I bought a new HSS928 last year (replacing my Ariens), and I keep beeing miserable with it....
Biggest problem is slowliness...

While the motor keeps running at full speed, sometimes the forward speed is fast, sometimes not.
It's even more obvious with the revers. It's TERRIBLY slow, and sometimes it gets worse, like slower than just walking slowly...

It's taking me AGES to clear the parking slots.

The dealer told me there was nothing to be done, it's because of the hydrolic thing... If he speeds the reverse it will slof the forward...

Anyone with technical experience that could confirm that ? 

As a side question, anybody ever thougt of deporting the chute joystick to a smaller joystick on the right handle so we could control it without moving the hand ? some part of my yard is bumpy and it's difficult to control speed, direction and chute angle all with two hands...

Thanks all !


----------



## Jae0 (Jan 6, 2017)

Have you had your dealer check on any outstanding service bulletins?

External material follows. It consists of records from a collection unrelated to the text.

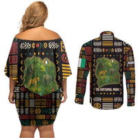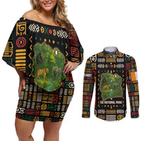 Ivory Coast Couples Matching Off Shoulder Short Dress and Long Sleeve Button Shirt with Taï National Park Wildlife Map Design
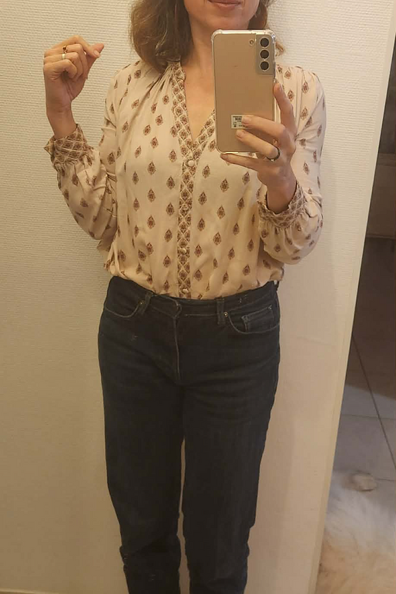 Add a bohemian touch to your outfit with this printed blouse. Pair it with slim jeans and ankle boots for a chic and relaxed look, perfect for all seasons. • Loose blouse • Puffed long sleeves • V-neck • Printed pattern • Embellished hem
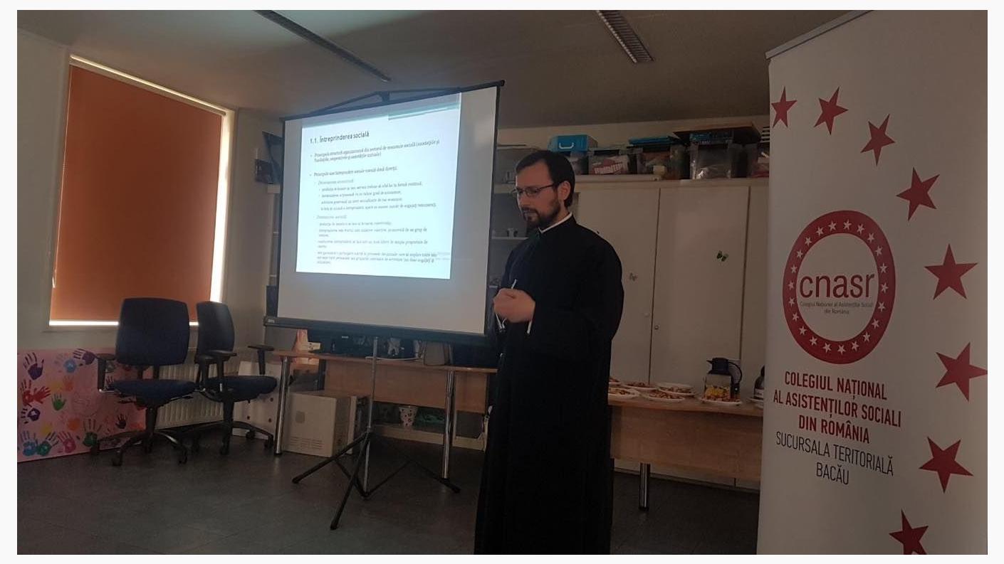 După prezentarea participanților pe tema workshop-ului, de către Marian Vătămănescu, Șef Complex - Direcția Generală de Asistență Socială și Protecția Copilului Bacău, Pr. Ilarion Mâță, președintele Asociației „Sf. Voievod Ștefan cel Mare – Hârja”, a vorbit despre „Sustenabilitatea serviciilor sociale. Studiu aplicat pentru centrele rezidențiale pentru persoane vârstnice – regiunea Nord-Est”, Pr. Ilarion Mâță fiind câștigătorul Premiului pentru asistentul social din domeniul incluziunii sociale – economie socială, în cadrul Galei Naționale a Excelenței în Asistența Socială, 2018.

Check the attached link and see if your serial number is within the range of affected machines. 

 https://www.snowblowerforum.com/fo...lletin-intermittent-ground-speed-slowing.html


----------



## Miles (Sep 16, 2016)

I had my HSS928 fixed under warranty and they added an external reservoir.


----------



## orangputeh (Nov 24, 2016)

prune said:


> Hi,
> 
> I bought a new HSS928 last year (replacing my Ariens), and I keep beeing miserable with it....
> Biggest problem is slowliness...
> ...


call Honda customer relations in the US at 1-770-497-6400 do notknow the Canadian number.

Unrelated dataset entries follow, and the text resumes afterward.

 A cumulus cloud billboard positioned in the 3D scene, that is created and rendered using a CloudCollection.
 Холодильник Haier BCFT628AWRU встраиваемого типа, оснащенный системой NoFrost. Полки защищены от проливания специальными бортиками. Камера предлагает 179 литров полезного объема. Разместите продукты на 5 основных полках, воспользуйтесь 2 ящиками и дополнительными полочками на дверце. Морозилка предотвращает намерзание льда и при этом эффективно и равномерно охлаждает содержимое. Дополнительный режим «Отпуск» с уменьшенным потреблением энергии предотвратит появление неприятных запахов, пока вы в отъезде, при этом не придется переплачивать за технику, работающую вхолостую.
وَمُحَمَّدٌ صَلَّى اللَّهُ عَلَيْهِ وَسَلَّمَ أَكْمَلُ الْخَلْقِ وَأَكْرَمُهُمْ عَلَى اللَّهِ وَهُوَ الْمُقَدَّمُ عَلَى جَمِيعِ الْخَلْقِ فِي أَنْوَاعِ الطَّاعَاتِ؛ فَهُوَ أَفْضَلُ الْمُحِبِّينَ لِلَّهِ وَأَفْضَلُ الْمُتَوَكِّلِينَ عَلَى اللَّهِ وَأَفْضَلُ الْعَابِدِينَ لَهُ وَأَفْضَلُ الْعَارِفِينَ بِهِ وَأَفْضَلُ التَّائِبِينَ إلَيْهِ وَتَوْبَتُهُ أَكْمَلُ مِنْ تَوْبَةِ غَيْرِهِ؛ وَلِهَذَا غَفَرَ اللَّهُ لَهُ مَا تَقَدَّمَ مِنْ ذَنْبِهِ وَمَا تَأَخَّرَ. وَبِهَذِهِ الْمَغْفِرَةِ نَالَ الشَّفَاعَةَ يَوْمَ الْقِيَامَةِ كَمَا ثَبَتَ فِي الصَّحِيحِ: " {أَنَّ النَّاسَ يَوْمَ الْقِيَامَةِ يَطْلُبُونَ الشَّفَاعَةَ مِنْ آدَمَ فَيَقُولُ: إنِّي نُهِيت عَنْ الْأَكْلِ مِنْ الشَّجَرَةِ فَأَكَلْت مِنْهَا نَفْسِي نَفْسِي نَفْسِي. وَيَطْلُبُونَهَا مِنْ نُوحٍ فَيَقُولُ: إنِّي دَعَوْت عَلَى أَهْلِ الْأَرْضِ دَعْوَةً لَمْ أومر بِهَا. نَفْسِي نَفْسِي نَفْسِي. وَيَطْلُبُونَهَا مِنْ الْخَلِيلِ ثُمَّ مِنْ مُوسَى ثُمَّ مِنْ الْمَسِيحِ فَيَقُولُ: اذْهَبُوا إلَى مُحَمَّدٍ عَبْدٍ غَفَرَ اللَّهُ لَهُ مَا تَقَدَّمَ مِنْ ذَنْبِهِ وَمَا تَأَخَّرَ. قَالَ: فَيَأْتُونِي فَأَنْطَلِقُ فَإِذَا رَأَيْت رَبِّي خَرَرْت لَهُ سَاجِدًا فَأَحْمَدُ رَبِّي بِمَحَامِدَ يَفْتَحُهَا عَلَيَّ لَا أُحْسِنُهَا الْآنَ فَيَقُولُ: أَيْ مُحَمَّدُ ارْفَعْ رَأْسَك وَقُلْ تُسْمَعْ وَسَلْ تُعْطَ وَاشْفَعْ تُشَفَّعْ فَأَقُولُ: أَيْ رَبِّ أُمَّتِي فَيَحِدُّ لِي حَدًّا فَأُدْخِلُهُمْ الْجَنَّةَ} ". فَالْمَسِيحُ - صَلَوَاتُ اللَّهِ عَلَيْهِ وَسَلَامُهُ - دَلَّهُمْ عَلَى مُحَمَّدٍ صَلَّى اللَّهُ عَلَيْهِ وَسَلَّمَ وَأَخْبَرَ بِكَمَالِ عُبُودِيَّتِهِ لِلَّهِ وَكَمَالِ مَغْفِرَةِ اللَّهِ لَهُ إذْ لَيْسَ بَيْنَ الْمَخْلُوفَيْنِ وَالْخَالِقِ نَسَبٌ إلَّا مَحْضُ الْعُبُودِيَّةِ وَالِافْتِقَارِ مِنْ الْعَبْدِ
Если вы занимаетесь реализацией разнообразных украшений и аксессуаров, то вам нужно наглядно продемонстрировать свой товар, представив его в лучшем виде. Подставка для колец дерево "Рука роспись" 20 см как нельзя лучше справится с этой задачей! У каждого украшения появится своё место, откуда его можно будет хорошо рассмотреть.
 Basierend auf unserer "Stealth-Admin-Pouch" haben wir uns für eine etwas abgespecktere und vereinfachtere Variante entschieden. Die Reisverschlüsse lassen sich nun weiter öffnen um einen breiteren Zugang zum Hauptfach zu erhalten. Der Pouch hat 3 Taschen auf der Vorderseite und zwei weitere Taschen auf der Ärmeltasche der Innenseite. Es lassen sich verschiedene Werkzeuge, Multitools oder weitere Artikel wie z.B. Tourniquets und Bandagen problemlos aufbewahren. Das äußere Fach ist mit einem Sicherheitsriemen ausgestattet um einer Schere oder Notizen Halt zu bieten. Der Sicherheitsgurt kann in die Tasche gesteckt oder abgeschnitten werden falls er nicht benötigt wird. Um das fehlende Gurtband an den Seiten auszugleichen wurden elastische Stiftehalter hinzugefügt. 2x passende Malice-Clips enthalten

sounds like your dealer is not being straight with you.


----------



## uwelk (Jan 6, 2016)

Mine has the same problem. I just took it in to the dealer last week with a copy of the service bulletin. The service manager said that he called "Honda" and parts will be sent and the upgrade made and it will be ready to pick up later this week. Hopefully this resolves everything. I would print off the service bulletin and provide it to your local dealer.


----------



## SkunkyLawnmowers (Oct 18, 2018)

I hope the OP is reading all these great responses.......


----------



## Halfatrack (Nov 22, 2018)

Your looking at service Bulletin #30 kit Honda 06204-V45-A00 kit, oil tank.
This will take care of that problem.


----------



## uwelk (Jan 6, 2016)

Just got mine back from dealer, new reservoir installed. Tested it briefly and it seems like it resolved the problem; however, didn't have a chance to run it very long. Took about a week and was covered under warranty. i would definitely take it to your local dealer with a copy of the service bulletin and that should be all you need.


----------